Exercise details:
Only the lines of the listing below that run from the line with "首先是打怪收集1A到5A景区" through the line with "18/25/33/42 цветов Коробка" are to be set down, word for word. Pictures stay out.

Data records:

----------

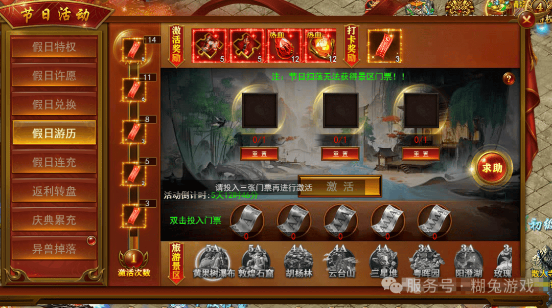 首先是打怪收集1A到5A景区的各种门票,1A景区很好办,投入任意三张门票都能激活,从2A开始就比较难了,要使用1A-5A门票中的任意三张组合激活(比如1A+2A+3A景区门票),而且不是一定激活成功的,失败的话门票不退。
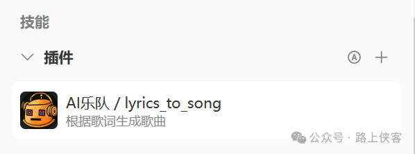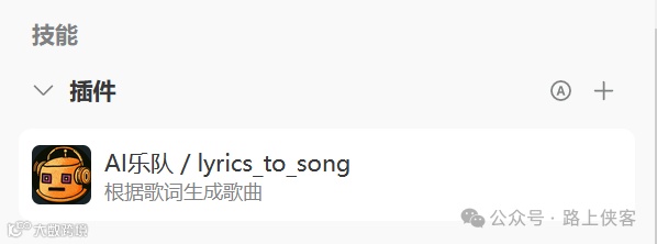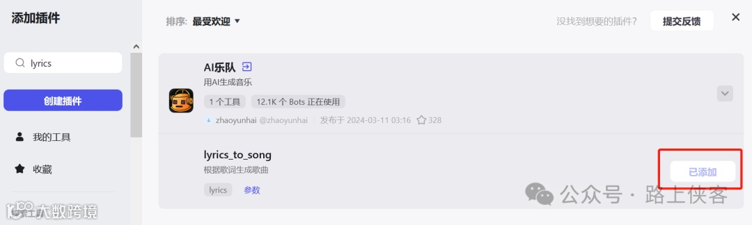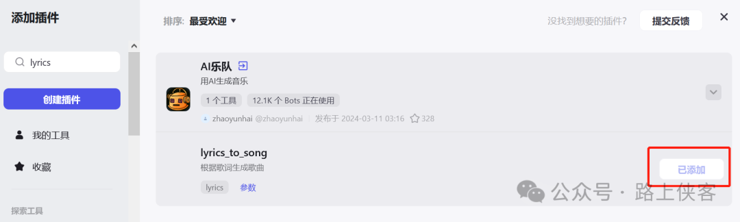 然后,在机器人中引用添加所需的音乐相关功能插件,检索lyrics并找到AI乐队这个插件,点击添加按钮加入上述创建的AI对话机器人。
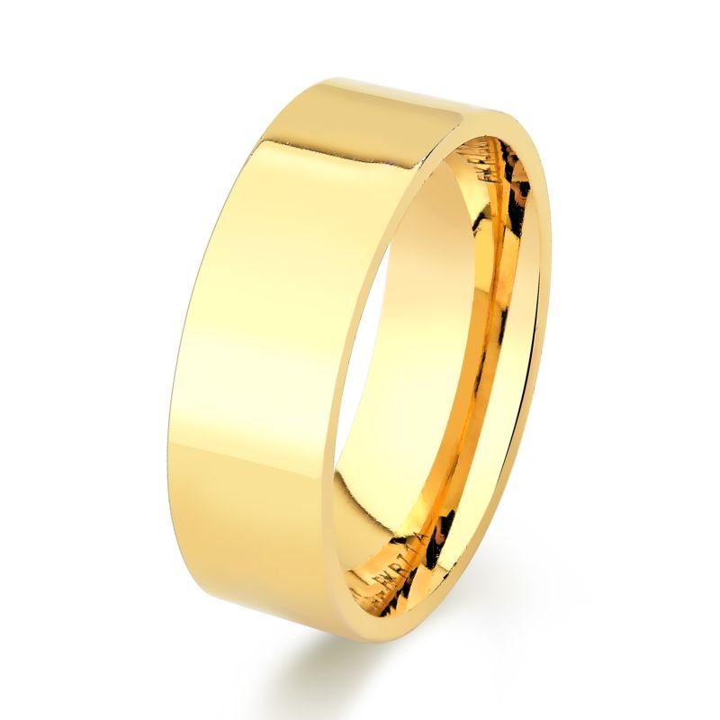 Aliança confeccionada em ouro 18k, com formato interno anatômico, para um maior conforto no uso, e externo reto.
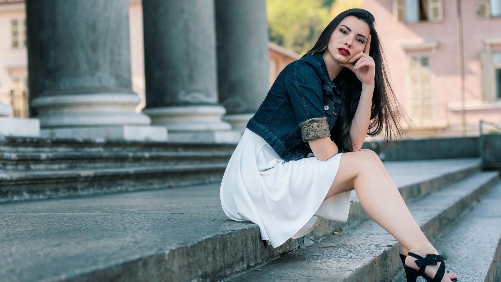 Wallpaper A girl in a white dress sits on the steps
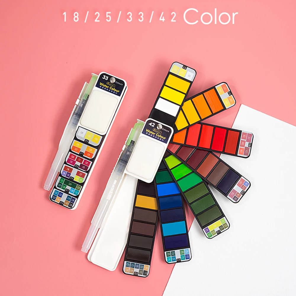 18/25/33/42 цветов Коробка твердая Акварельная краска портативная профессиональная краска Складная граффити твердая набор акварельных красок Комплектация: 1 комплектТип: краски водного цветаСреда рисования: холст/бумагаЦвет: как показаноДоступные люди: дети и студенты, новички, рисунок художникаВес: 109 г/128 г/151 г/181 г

----------

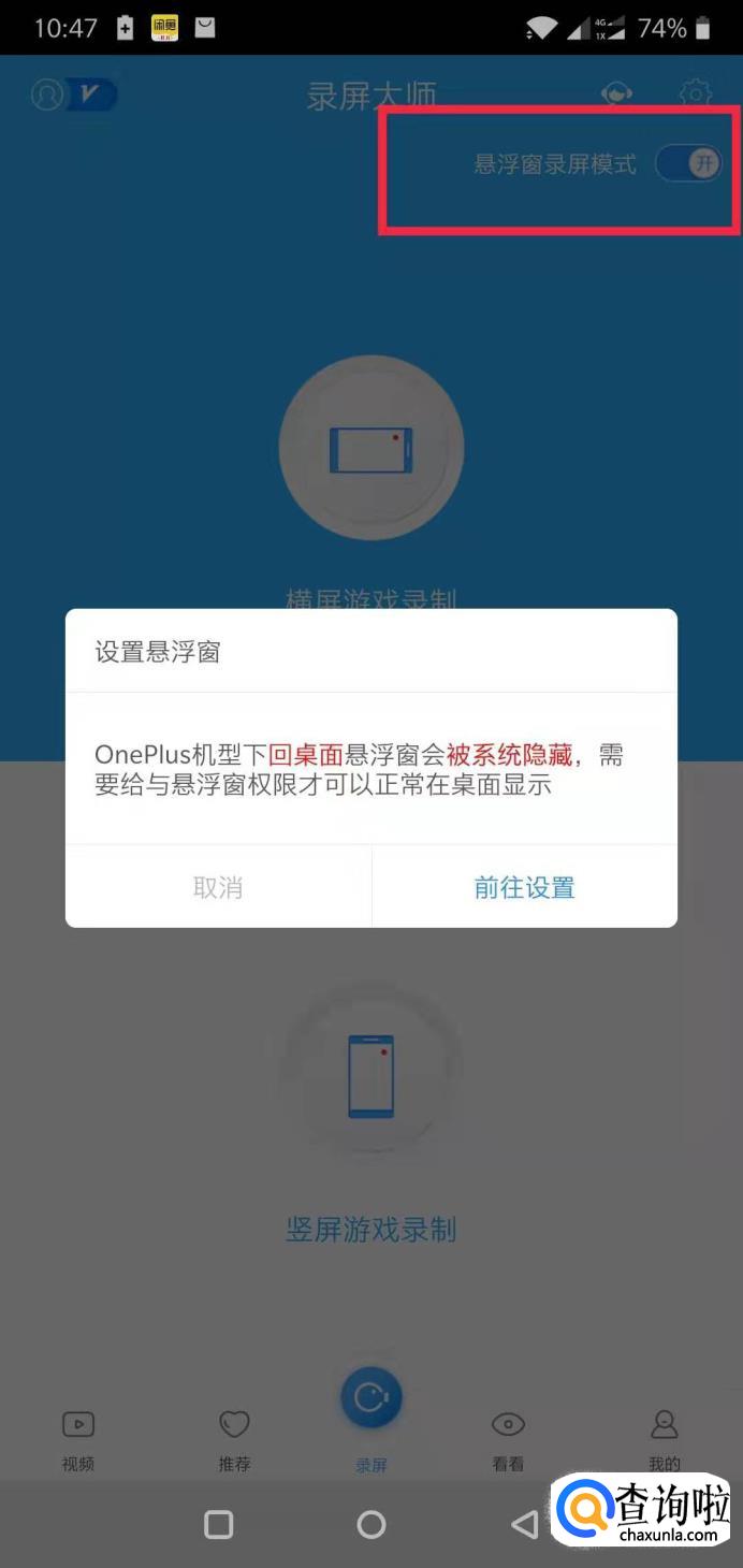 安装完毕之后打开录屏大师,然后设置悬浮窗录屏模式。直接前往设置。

----------

Solution for this task:
 首先是打怪收集1A到5A景区的各种门票,1A景区很好办,投入任意三张门票都能激活,从2A开始就比较难了,要使用1A-5A门票中的任意三张组合激活(比如1A+2A+3A景区门票),而且不是一定激活成功的,失败的话门票不退。
 然后,在机器人中引用添加所需的音乐相关功能插件,检索lyrics并找到AI乐队这个插件,点击添加按钮加入上述创建的AI对话机器人。
 Aliança confeccionada em ouro 18k, com formato interno anatômico, para um maior conforto no uso, e externo reto.
 Wallpaper A girl in a white dress sits on the steps
 18/25/33/42 цветов Коробка твердая Акварельная краска портативная профессиональная краска Складная граффити твердая набор акварельных красок Комплектация: 1 комплектТип: краски водного цветаСреда рисования: холст/бумагаЦвет: как показаноДоступные люди: дети и студенты, новички, рисунок художникаВес: 109 г/128 г/151 г/181 г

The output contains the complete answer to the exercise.